William Baer (born December 29, 1948) is an American writer, editor, translator, and academic. He has been the recipient of a Guggenheim Fellowship, a Fulbright (Portugal), and a Creative Writing Fellowship from the National Endowment for the Arts.

Early life and education 
William Baer was born in Geneva, New York, in 1948.  He was raised in The Bronx, New York City, and Wayne, New Jersey. After graduating from Rutgers University with a B.A. in English, he received an M.A. in English from New York University. He completed his doctoral dissertation in English at the University of South Carolina under the direction of James Dickey, before attending the Johns Hopkins Writing Seminars where he earned an M.A. in Creative Writing, working under David St. John and John Barth.

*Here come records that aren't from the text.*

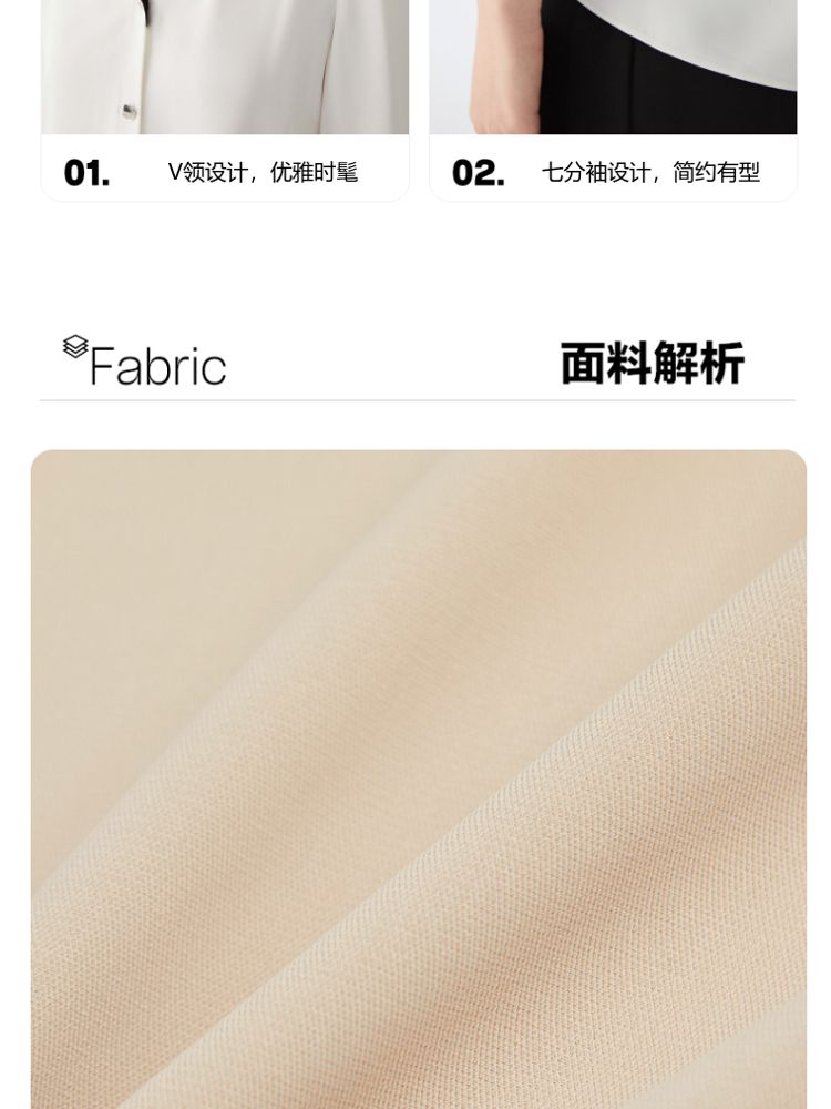 商品名称:【专柜同款】春夏V领七分袖H版型简约衬衫女气质百搭时尚 913553
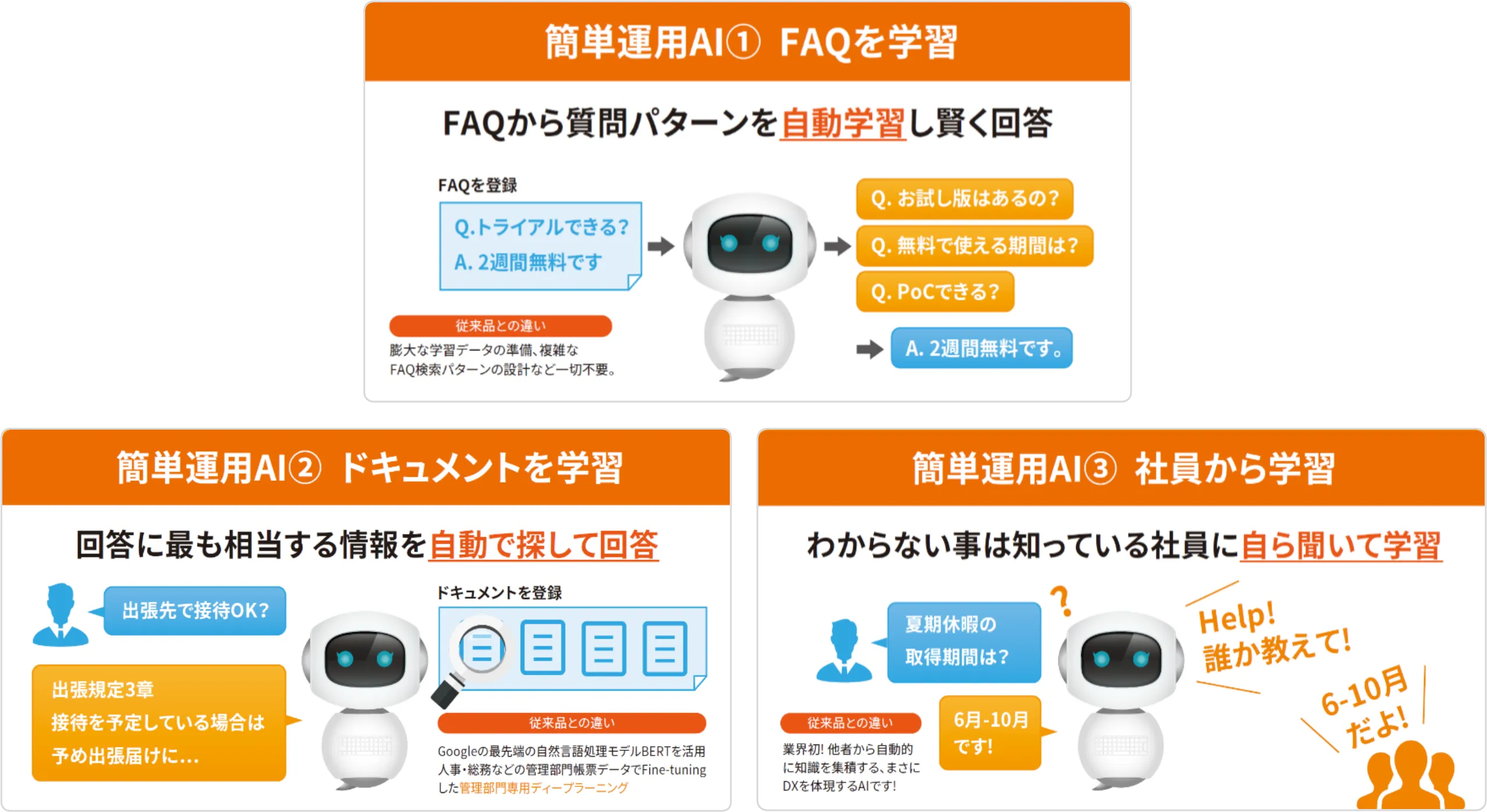 専門知識がなくとも基本的なFAQ※一式を登録するだけで、独自開発のAIが派生シナリオを自動で学習・生成し、手間やコストをかけることなく短期間で効果を発揮する“即戦力”なAIチャットボットサービスです。
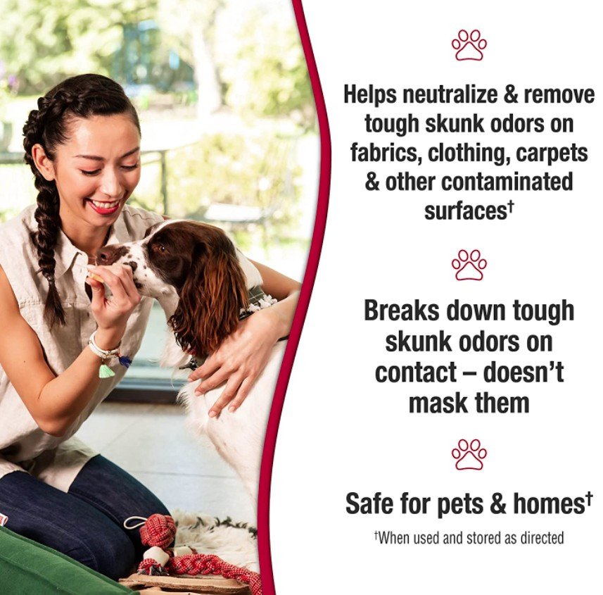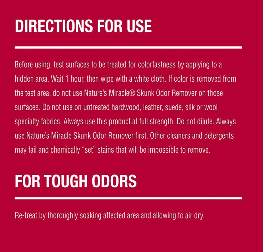 • The fast-acting formula breaks down the oils sprayed by skunks on contact to remove odor when used and stored as directed
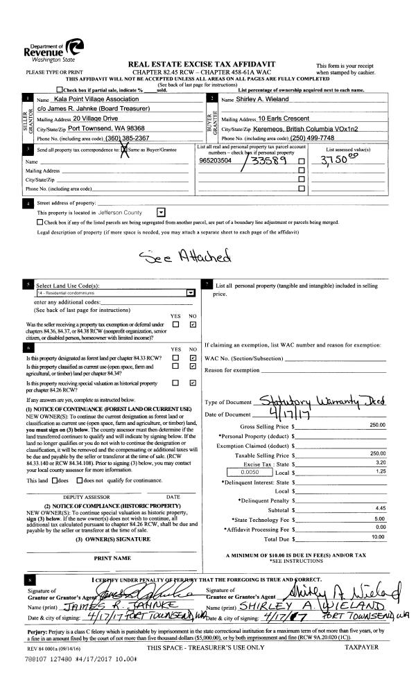 | 2 | 04/17/2017 | SWD | Statutory Warranty Deed | KALA POINT VILLAGE ASSOCIATION | SHIRLEY A WIELAND | | | $250.00 | 127480 | |
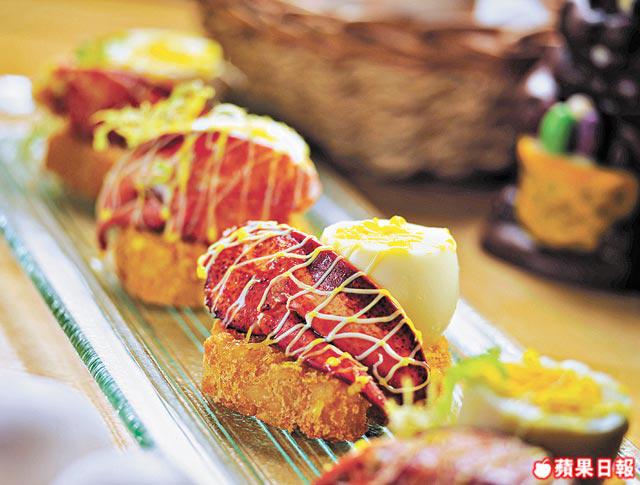 復活節一定要有復活蛋,御花園的自助餐今年便以「蛋」做主題,配上龍蝦等食材炮製出多款美食。復活節最高興一定是小朋友,御花園下午茶自助餐(成人$158、小童$98),小朋友除了獲贈精美禮品一份,更可參加「親子樂滿Fun復活節嘉年華」,節目有親子曲奇製作班,由師傅教導爸爸、媽媽及小朋友,一同炮製屬於「我們這一家」曲奇餅,完成後還有證書一張。晉餐期間,又有小丑扭出各款形狀可愛的氣球,大大隻賓尼兔還會隨時出現身邊,跟大家拍照留念。御花園晚上又會變身成海鮮樂園,其復活節海鮮自助晚餐(成人$358、小童$258),必食有阿拉斯加蟹腳及澳洲泥蟹等海鮮。
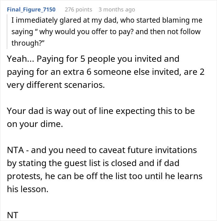 “I felt the most upset by my dad for expecting me to pay for all of my aunt’s kids and then demanding it. It felt a little disrespectful to be put on the spot like that only because I offered to pay for everyone in my immediate family,” the OP told We, expanding on what frustrated them the most about the situation.
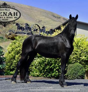 Asawni is a baroque, studbook FHANA mare, like many of the baroque type friesians she is exceptionally gentle and easy to ride, she stands at 15.3. While she was not tested as a young mare in 2025 she went to the Spokane Keuring and was entered into the studbook. With a very impressive kinship of 16.5, as a broodmare, Asawni can contribute towards the diversification of the Friesian breed.
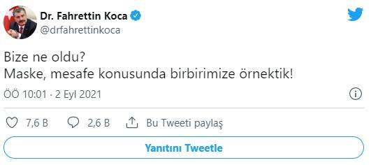 Sağlık Bakanı Fahrettin Koca, sosyal medya hesabından maske ve mesafeye yönelik dikkat çeken bir paylaşımda bulundu. Koca, "Bize ne oldu? Maske, mesafe konusunda birbirimize örnektik!" diye sordu.
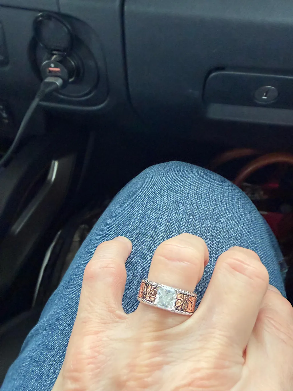 I love this ring. It goes with everything and best thing is it never flips around to the underside of my finger.
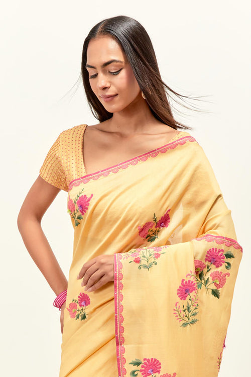 The Aparna Collection, in soft pink, dusty blue, and yellow Silk Chanderi, is richly embellished with appliquéd flowers, fine aari thread work, tassels, and delicate sequins. Simple yet elegant silhouettes, paired with airy organza dupattas, complete the look—perfect for the languid charm of the sultry season.
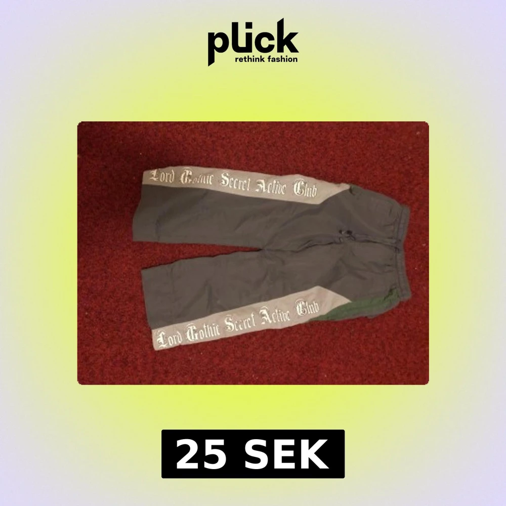 Grå byxor från SAYSKY med breda ljusgrå paneler längs benen och texten 'Lord Gothic Secret Active Club' i gotisk stil. Byxorna har elastisk midja med snörning och en grön detalj vid linningen. Perfekta för dig som gillar streetwear med unik touch.
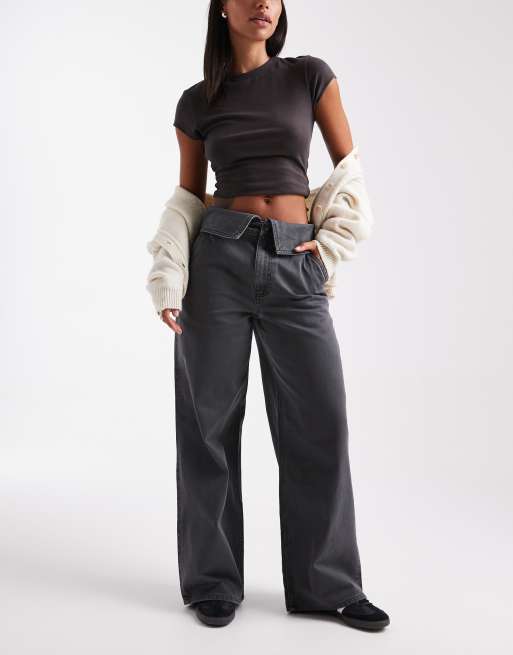 ASOS DESIGN fold over waist wide leg trousers in charcoal
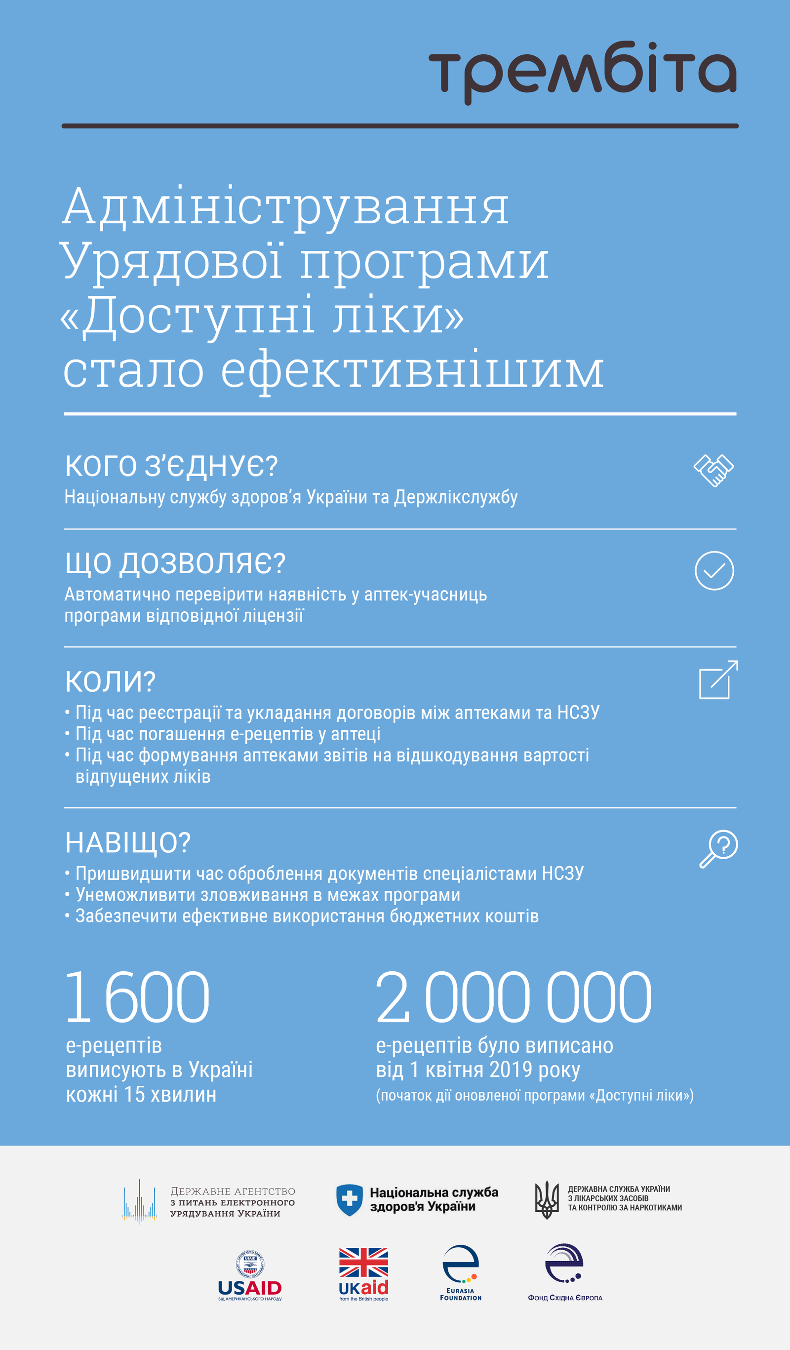 Нагадаємо, що «Трембіта» – це система електронної взаємодії державних реєстрів та баз даних, що дозволяє відомствам та органам влади безпечно та оперативно обмінюватися необхідною інформацією для більш якісної взаємодії як між собою, так і з громадянами та представниками бізнесу. Окрім того, «Трембіта» надає можливість створювати для населення більш якісні послуги – як офлайнові, так і електронні.
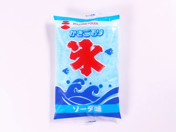 長崎県壱岐市で30年以上にわたって昔ながらのかき氷を製造しているオランダフーズ。九州エリアでは常識の「袋かき氷」スタイルのソーダ味かき氷です。
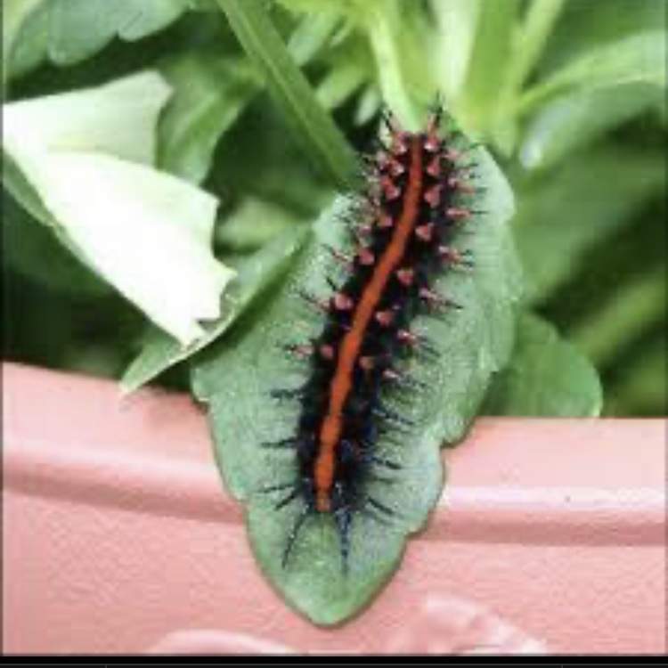 園庭の花壇に咲いているパンジーに毛虫(幼虫?)を発見したので、
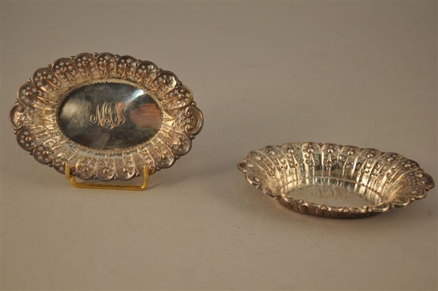 Paire de petites COUPES ovales en argent, de forme évasée à côtes, ajourées de motifs géométriques, monogrammées M.I.N. au centre. Angleterre.
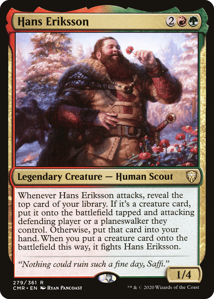 Whenever Hans Eriksson attacks, reveal the top card of your library. If it’s a creature card, put it onto the battlefield tapped and attacking defending player or a planeswalker they control. Otherwise, put that card into your hand. When you put a creatur
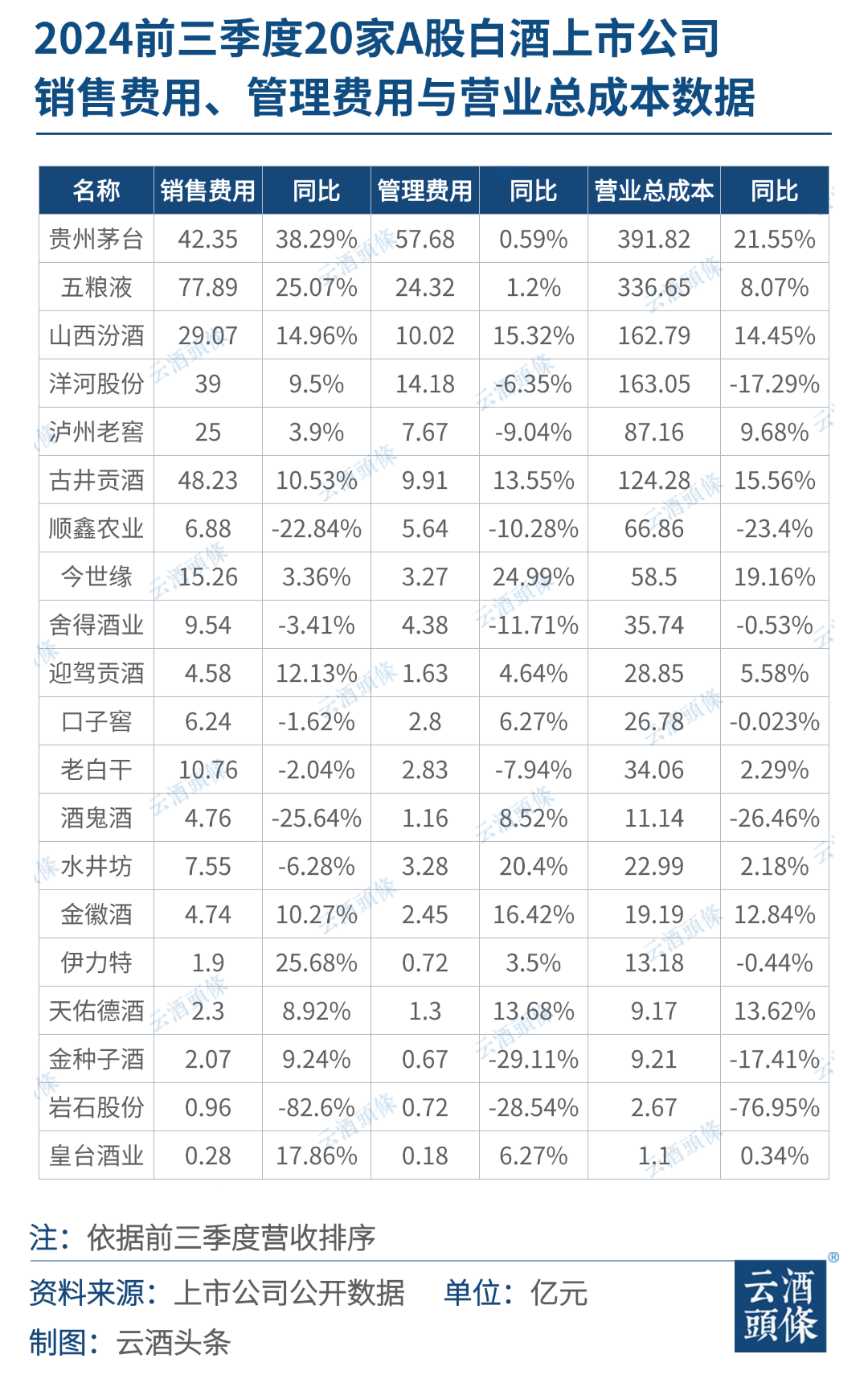 降低管理费用、缩减销售费用是企业缩减总营业成本的重要指标。今年前三季度,白酒上市企业普遍展现出“该省省、该花花”的精细化管理意图。
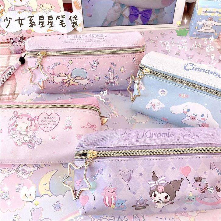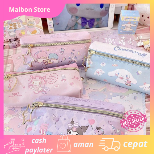 tempat pensil terbaru 2 sisi kotak pensil sanrio terbaru pencil case cinnamoroll kueomi melody 2 sekat Anak Perempuan
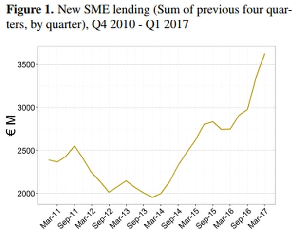 This is significantly higher than the first three months of the years between 2010 and 2013, when lending to SMEs ranged between €2 billion and €2.5 billion.
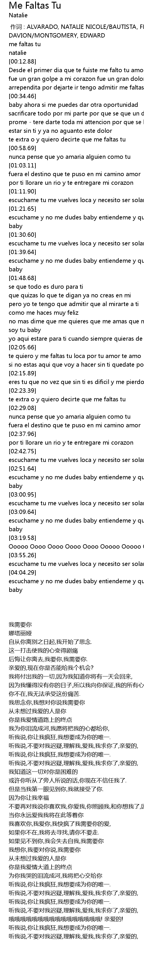 | [00:54.53] | te extra o y quiero decirte que me faltas tu |

He also graduated from USC School of Cinematic Arts with an M.A. in Cinema, receiving the Jack Nicholson Screenwriting Award.

Literary activities 
Baer is the author of six books of poetry, including The Unfortunates, recipient of the T. S. Eliot Poetry Prize; "Borges" and Other Sonnets; and "Bocage" and Other Sonnets, recipient of the X. J. Kennedy Poetry Prize.  His other books include translations from the Portuguese, Luís de Camões: Selected Sonnets; the textbook, Writing Metrical Poetry; and five collections of interviews, including Classic American Films: Conversations with the Screenwriters.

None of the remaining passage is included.